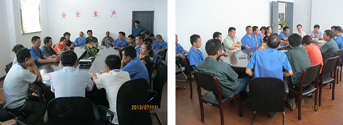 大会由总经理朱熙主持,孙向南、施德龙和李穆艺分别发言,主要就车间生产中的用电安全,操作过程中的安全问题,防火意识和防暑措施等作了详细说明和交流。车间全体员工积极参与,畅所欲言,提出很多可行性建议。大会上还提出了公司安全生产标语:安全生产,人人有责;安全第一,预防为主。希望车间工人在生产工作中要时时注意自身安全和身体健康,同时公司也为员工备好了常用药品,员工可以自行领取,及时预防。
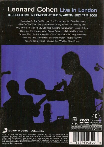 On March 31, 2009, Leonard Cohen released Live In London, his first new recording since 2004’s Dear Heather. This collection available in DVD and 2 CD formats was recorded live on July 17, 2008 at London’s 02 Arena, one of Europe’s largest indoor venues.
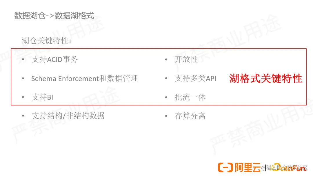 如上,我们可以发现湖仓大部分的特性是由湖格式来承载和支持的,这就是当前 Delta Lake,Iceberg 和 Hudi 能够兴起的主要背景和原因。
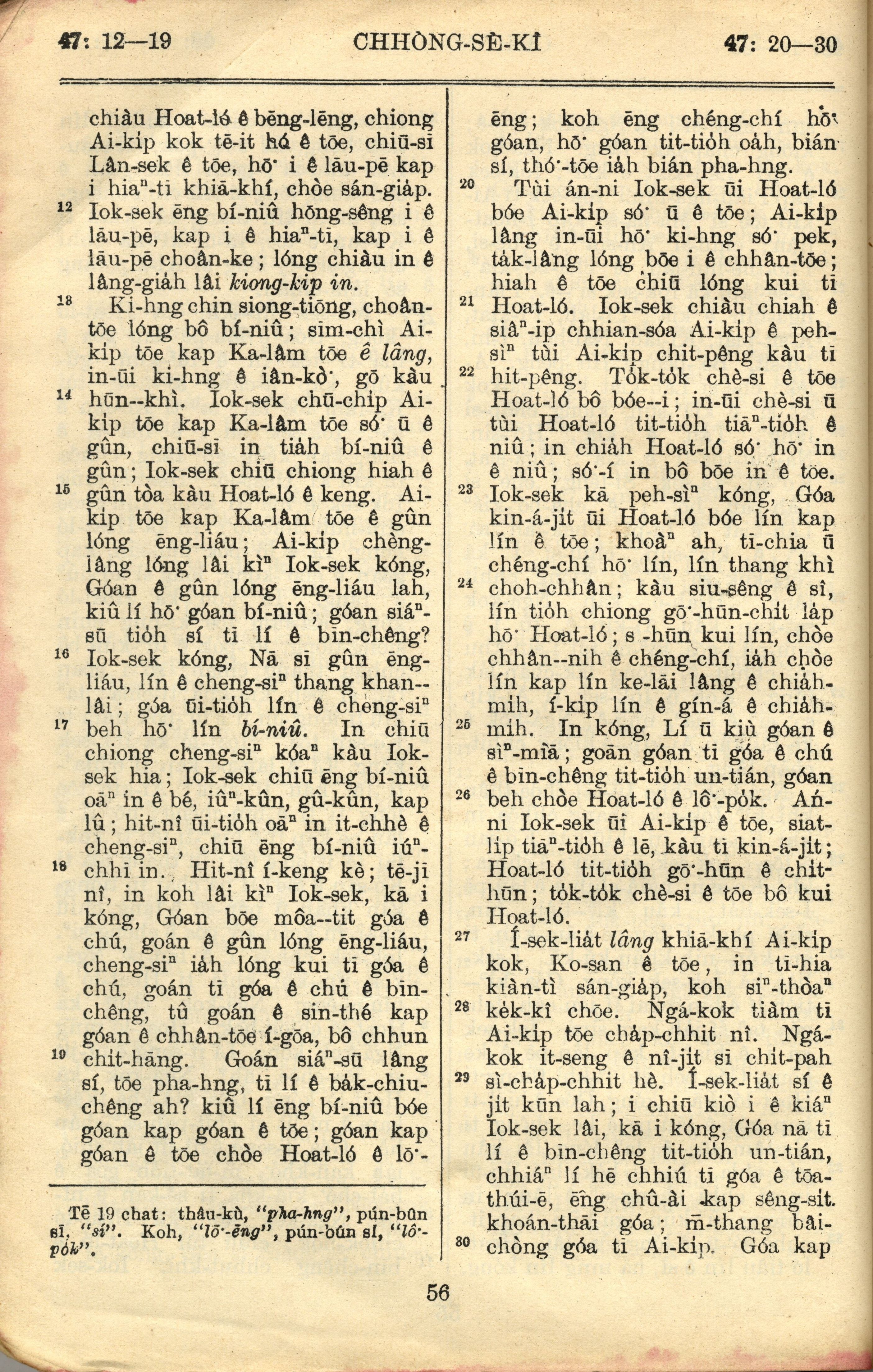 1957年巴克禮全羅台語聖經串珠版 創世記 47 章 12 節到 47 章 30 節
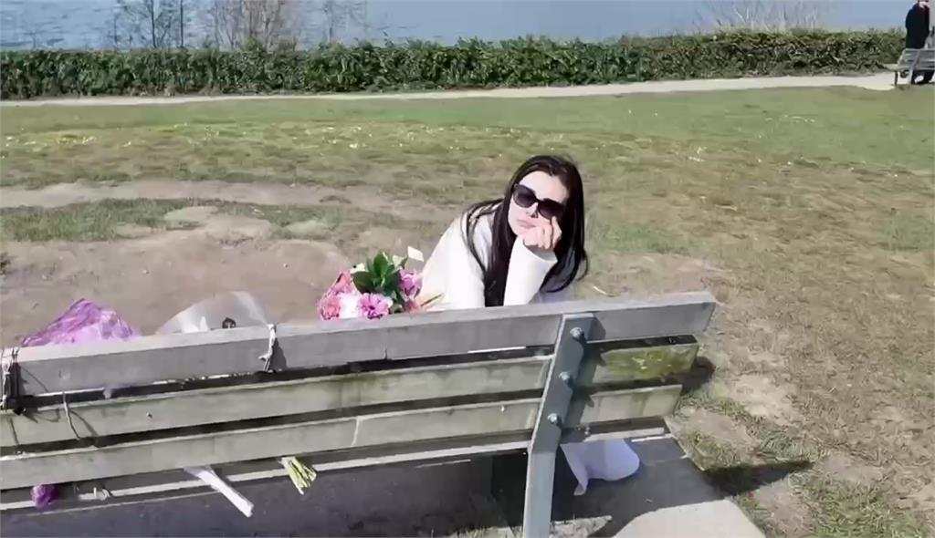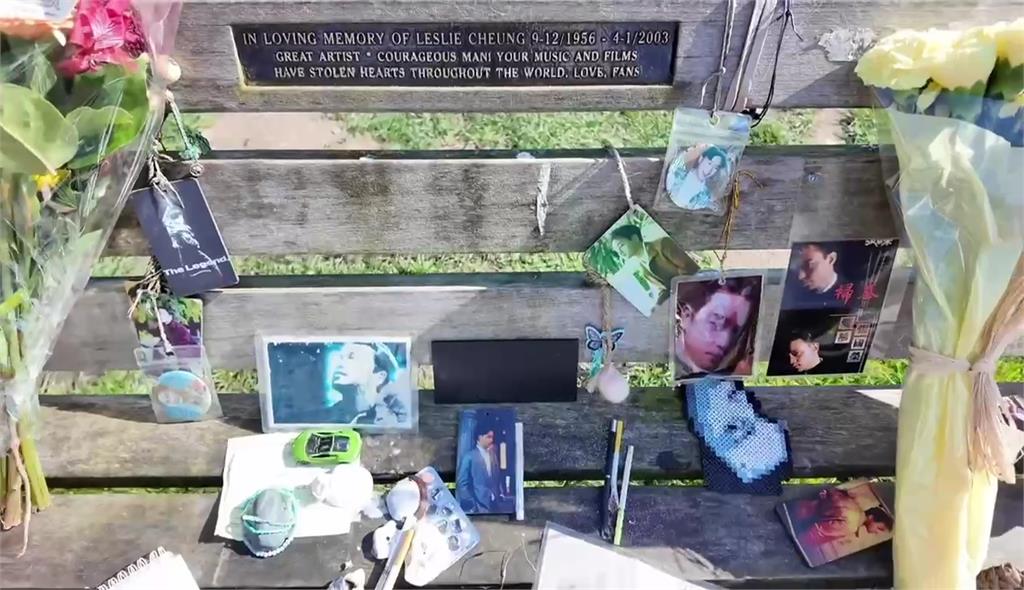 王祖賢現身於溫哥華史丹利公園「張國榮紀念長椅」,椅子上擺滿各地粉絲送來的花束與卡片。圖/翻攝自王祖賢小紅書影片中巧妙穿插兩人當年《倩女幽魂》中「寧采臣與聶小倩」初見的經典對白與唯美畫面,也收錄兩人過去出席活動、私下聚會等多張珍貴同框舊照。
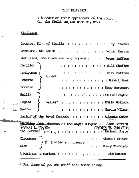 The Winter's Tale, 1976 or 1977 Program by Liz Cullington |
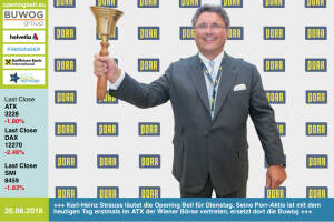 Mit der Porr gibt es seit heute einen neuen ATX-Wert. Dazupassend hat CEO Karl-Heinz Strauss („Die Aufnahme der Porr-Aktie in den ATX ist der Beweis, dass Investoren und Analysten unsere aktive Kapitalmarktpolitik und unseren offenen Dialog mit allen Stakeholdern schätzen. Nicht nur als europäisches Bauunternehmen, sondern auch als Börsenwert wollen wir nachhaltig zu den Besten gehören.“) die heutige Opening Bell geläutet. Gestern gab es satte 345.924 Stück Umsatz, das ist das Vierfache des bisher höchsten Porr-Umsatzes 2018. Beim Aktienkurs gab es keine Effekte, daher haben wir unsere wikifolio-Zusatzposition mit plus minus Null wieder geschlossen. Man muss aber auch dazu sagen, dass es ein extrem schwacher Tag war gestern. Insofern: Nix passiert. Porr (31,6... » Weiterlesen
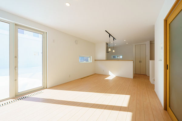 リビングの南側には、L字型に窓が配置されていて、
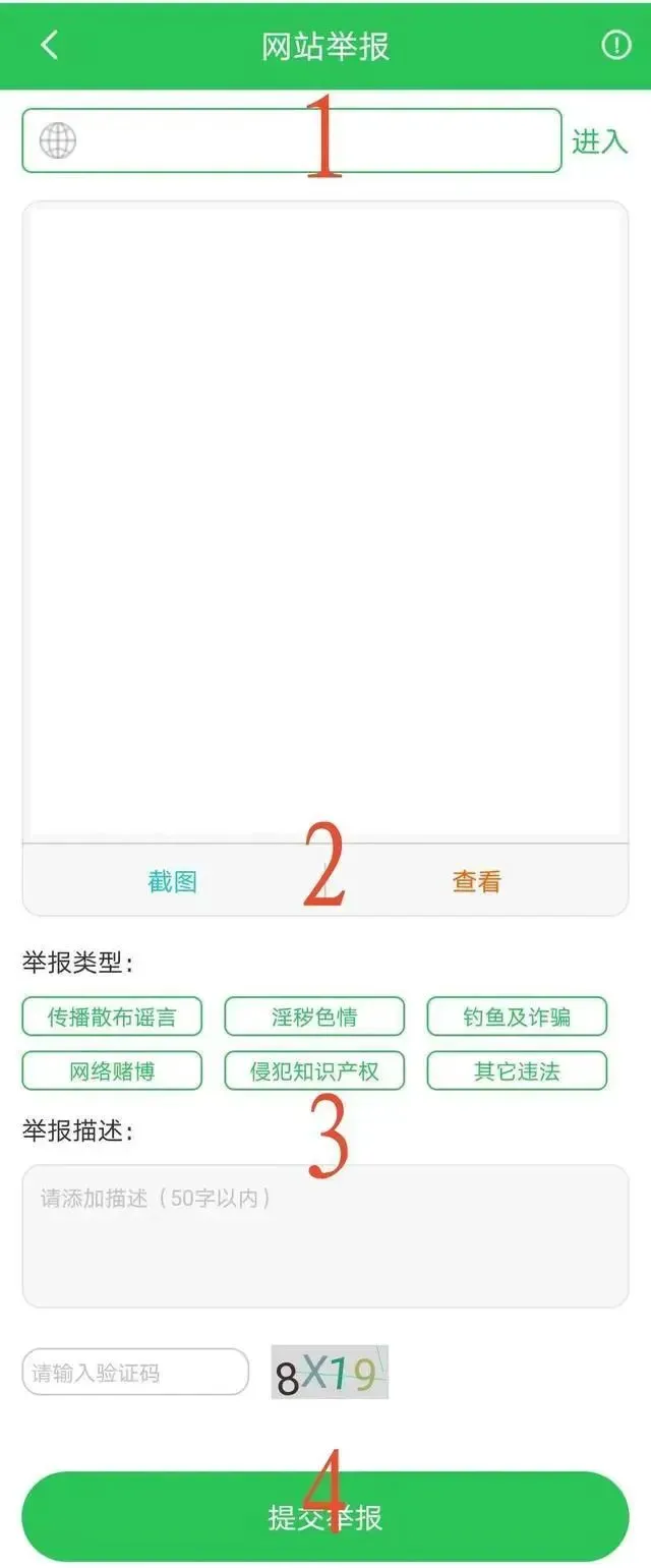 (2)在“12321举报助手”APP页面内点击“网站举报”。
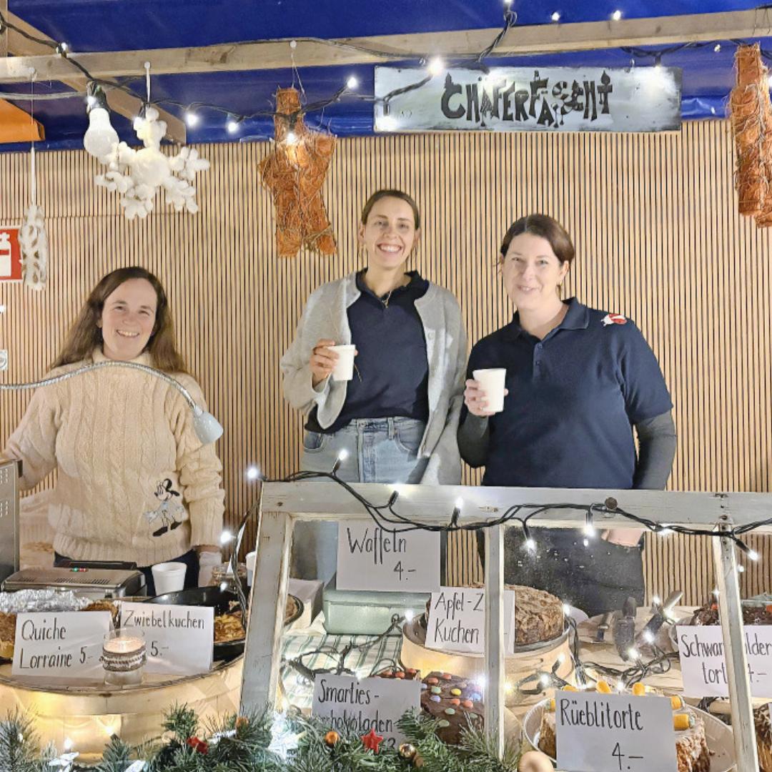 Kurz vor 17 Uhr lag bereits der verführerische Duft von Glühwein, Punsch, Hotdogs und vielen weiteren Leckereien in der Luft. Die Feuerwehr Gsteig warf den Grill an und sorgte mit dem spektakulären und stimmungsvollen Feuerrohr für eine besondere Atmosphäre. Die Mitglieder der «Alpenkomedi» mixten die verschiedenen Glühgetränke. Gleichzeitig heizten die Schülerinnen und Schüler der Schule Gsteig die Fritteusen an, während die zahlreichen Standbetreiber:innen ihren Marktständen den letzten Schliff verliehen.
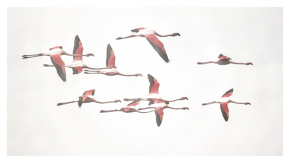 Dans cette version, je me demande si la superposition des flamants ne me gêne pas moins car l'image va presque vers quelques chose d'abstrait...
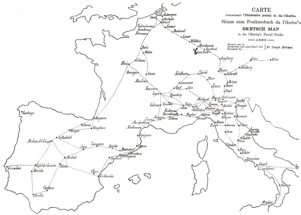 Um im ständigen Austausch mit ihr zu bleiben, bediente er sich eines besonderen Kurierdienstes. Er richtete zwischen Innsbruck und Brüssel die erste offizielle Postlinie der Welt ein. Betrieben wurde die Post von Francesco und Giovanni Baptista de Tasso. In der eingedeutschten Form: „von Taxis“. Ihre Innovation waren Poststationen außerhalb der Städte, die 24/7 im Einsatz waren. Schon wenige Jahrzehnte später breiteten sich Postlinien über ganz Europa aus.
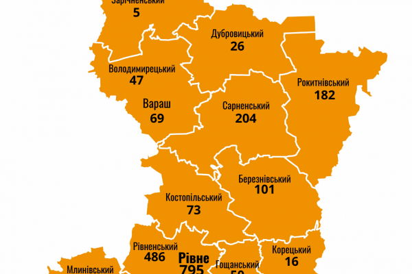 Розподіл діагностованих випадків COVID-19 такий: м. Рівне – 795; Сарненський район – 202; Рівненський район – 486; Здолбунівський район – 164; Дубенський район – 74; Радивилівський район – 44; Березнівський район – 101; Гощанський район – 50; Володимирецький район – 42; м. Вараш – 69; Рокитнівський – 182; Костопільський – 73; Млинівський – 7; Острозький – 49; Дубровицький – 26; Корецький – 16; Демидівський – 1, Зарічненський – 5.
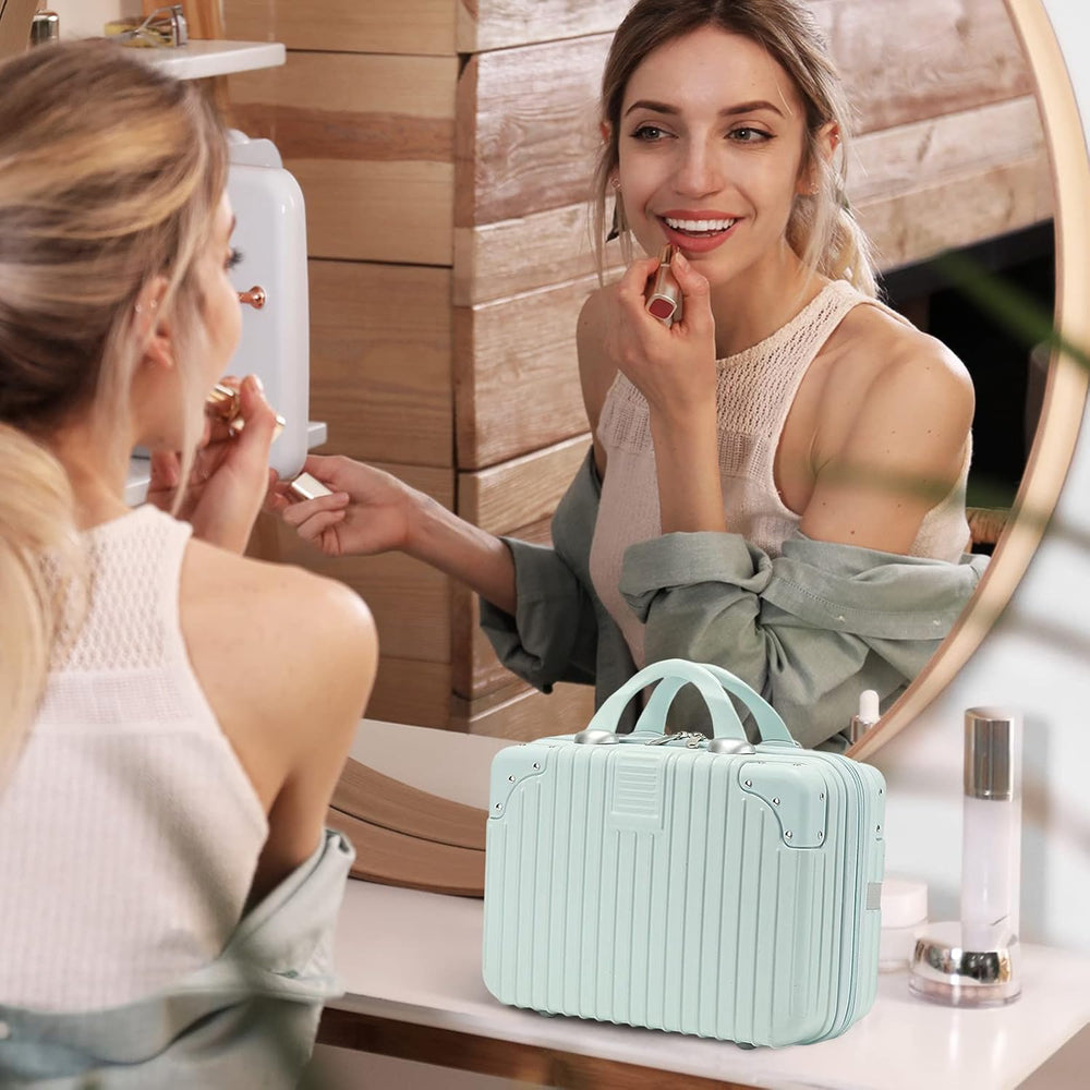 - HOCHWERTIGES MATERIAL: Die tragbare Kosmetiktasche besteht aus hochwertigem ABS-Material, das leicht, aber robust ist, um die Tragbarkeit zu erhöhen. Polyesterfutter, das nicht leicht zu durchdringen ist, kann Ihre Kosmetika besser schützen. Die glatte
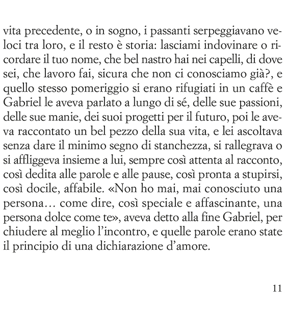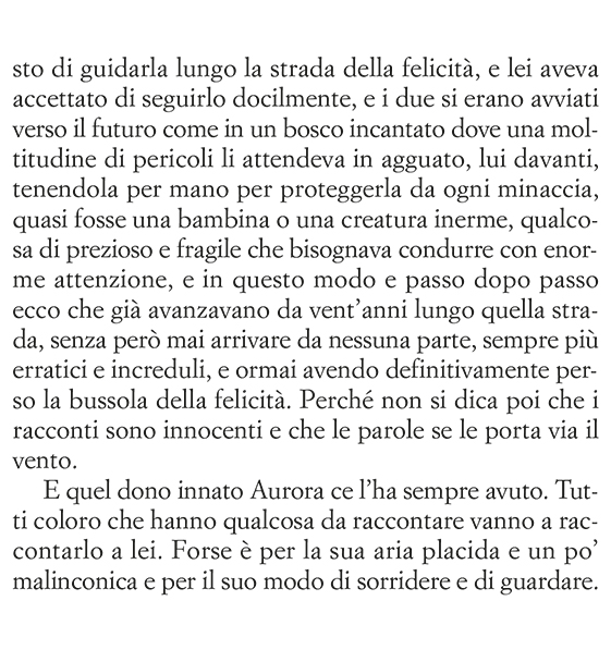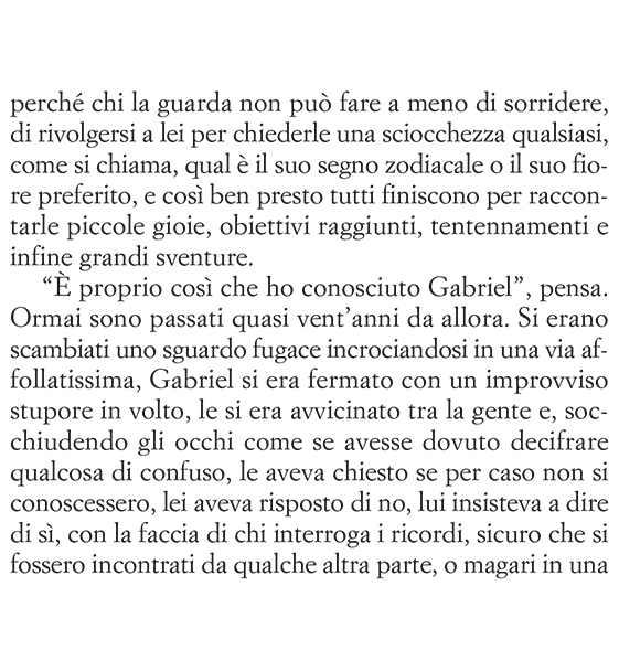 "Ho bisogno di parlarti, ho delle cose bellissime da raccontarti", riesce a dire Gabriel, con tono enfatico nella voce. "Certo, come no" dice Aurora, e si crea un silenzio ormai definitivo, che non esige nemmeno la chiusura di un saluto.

★ ★ ★

**ASSIGNMENT**
The copy should run from the first line of the material above through the line with "1957年巴克禮全羅台語聖經串珠版 創世記 47 章 12 節到 47 章 30 節", repeated exactly and without pictures.

**RESULT FOR THIS EXERCISE**
 大会由总经理朱熙主持,孙向南、施德龙和李穆艺分别发言,主要就车间生产中的用电安全,操作过程中的安全问题,防火意识和防暑措施等作了详细说明和交流。车间全体员工积极参与,畅所欲言,提出很多可行性建议。大会上还提出了公司安全生产标语:安全生产,人人有责;安全第一,预防为主。希望车间工人在生产工作中要时时注意自身安全和身体健康,同时公司也为员工备好了常用药品,员工可以自行领取,及时预防。
 On March 31, 2009, Leonard Cohen released Live In London, his first new recording since 2004’s Dear Heather. This collection available in DVD and 2 CD formats was recorded live on July 17, 2008 at London’s 02 Arena, one of Europe’s largest indoor venues.
 如上,我们可以发现湖仓大部分的特性是由湖格式来承载和支持的,这就是当前 Delta Lake,Iceberg 和 Hudi 能够兴起的主要背景和原因。
 1957年巴克禮全羅台語聖經串珠版 創世記 47 章 12 節到 47 章 30 節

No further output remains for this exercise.